I was reading through the recap from Cisco’s AI Summit, where Matt Garman, Jensen Huang, Sam Altman, Marc Andreessen, and about a dozen other leaders who are literally building the AI economy, all came together.

And one thing really stood out at me.

Despite representing very different companies and perspectives, they kept circling back to the same point: the AI adoption challenge for businesses isn’t models or infrastructure anymore. It’s clarity. Trust. And all that legacy friction we’ve been dragging around

The technology isn’t the issue anymore. The models work. The infrastructure is there. But most businesses are still stuck in proof-of-concept mode, unable to get AI running reliably in production. That’s not a technology problem. That’s an execution problem.


Why Business AI Adoption Stalls: Too Many Options, Not Enough Direction

The thing about the AI market right now, is that it’s massive. There are a hundred different areas where you could move the needle, which is great, but also the problem. Companies are drowning in options while simultaneously starving for direction.

What really struck me from the summit wasn’t any single announcement, but how consistent the themes were:

  • Customers don’t lack AI tools. They lack clarity on what they’re actually trying to accomplish.
  • Data governance and trust are prerequisites, not nice-to-haves. And most organizations aren’t there yet.
  • Legacy systems aren’t just inconvenient — they’re actively blocking AI adoption.
  • Pilots that never make it to production? That’s the norm, not the exception.

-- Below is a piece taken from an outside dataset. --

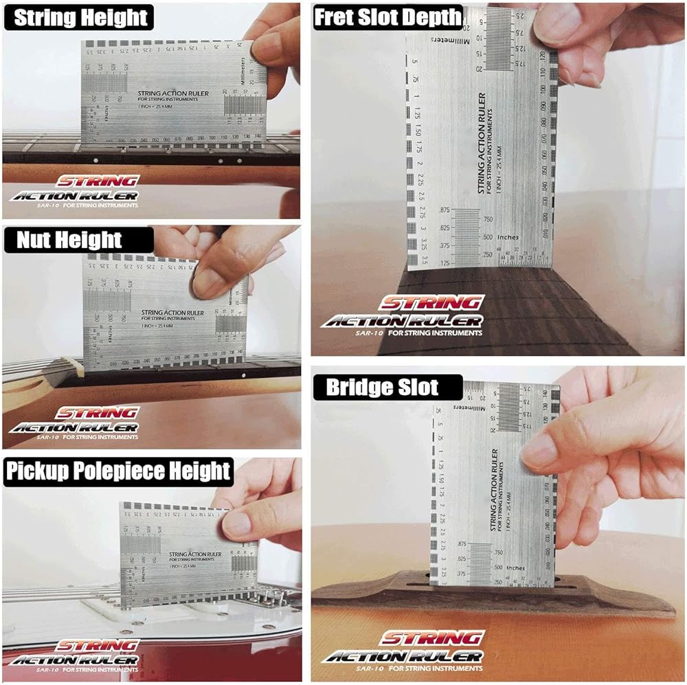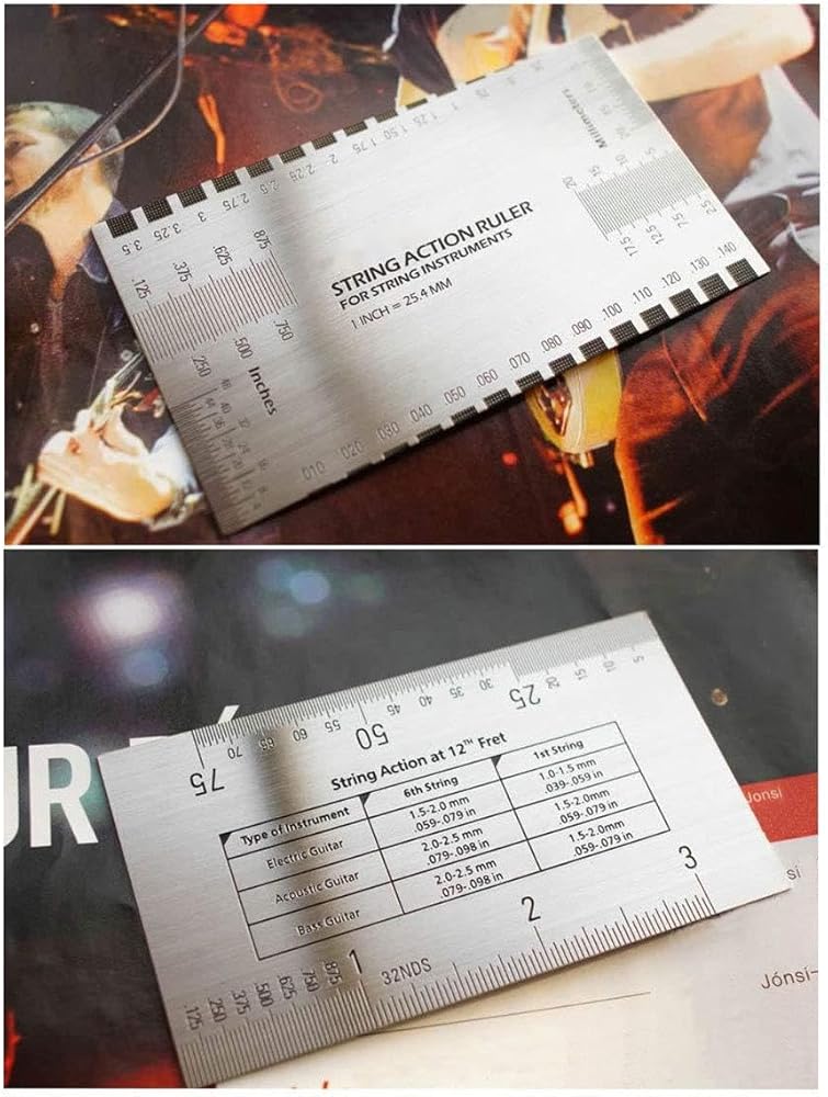 مقياس حركة الجيتار مقياس عمل الجيتار قياس ارتفاع سلسلة الجيتار مقياس مسطرة الحركة، أداة إصلاح الجيتار من أجل Luthier، مناسب للجيتار، القيثارة، الباس، البانجو، المندولين

If you’re a partner in this space, the message is clear: stop selling more AI tools. Start helping your customers actually use them.

Related Read: ENTERPRISE AI GOVERNANCE: HOW TO PLAY DEFENSE WHEN YOU CAN’T STOP EVERY YARD


5 Ways to Move from Pilot Mode to AI Production

Based on what came out of this year’s AI Summit, I see five specific areas where execution-focused partners can genuinely differentiate and actually move from pilot mode to AI production.

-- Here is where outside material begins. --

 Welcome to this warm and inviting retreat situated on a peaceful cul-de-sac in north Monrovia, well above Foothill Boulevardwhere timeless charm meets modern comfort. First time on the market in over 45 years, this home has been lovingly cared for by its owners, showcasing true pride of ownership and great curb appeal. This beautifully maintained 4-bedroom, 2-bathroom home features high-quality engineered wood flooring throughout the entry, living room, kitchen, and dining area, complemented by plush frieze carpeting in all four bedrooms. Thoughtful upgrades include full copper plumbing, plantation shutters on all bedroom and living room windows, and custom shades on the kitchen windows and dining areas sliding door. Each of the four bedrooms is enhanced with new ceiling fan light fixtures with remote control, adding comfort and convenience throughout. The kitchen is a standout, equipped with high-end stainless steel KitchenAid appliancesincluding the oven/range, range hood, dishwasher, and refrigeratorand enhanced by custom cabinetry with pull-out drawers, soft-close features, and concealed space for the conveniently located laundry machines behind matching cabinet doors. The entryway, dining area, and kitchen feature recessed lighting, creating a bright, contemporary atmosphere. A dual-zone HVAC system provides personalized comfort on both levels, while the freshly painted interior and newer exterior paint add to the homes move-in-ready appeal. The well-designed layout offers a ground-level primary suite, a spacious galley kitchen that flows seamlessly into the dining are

1. Outcome-Driven AI Strategy: Start with the Outcome, Not the Platform

Why do so many AI projects never make it past the pilot phase? Because the organization started with a platform, built a POC, and only then tried to figure out what business problem they were solving.

It’s backwards. You can’t retrofit purpose into technology.

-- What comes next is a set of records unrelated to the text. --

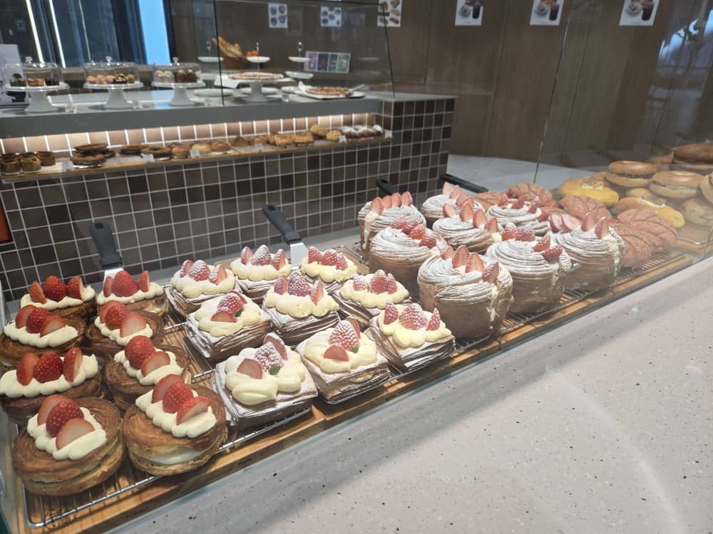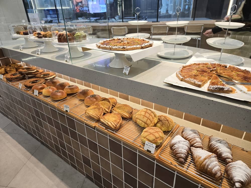 베이커리 진열대가 현켠에 마련되어 있습니다.
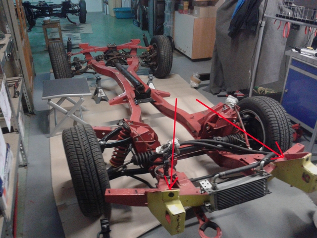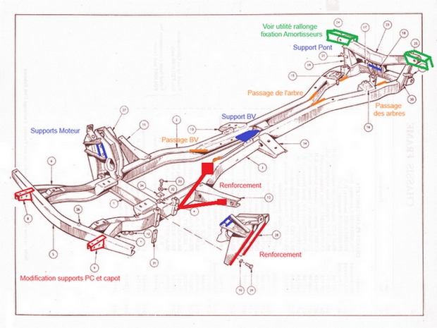 ![]() Afin s’assurer le passage aisé des arbres de transmission le châssis devra être retravaillé à ces endroits. |
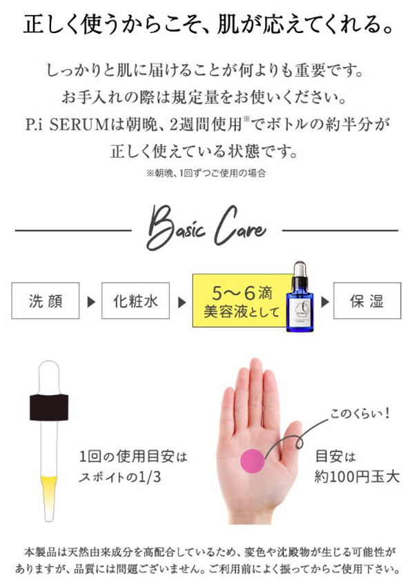 ピーアイセラムの効果は、短い期間で生じてくるものではないようです。なので1か月以上をベースにして長期的にピーアイセラムを使い続けることが、
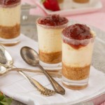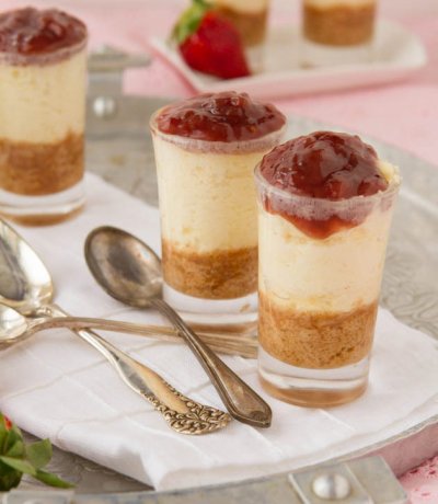 Mini strawberry cheesecakes made in shot glasses to control portion size… and to feel cute while eating them!

Ask the hard questions up front:
  • What process needs to improve?
  •  Why does it need to improve?
  • How will you measure success?
  • What does production actually look like for this specific use case?

Get clear on these answers first, and then talk technology.

AI Data Readiness and Governance: Make Data Usable, Not Just Accessible

Almost every speaker at the summit came back to the same theme: data access, governance, security, and guardrails. You can have the most powerful model in the world, but if your data is siloed, ungoverned, or untrusted, you’re not going to move forward.

This is where partners who can work across cloud, data, security, and networking really stand out. Transforming data to be AI-ready requires collaboration across multiple disciplines, and most organizations struggle to coordinate all those moving parts on their own.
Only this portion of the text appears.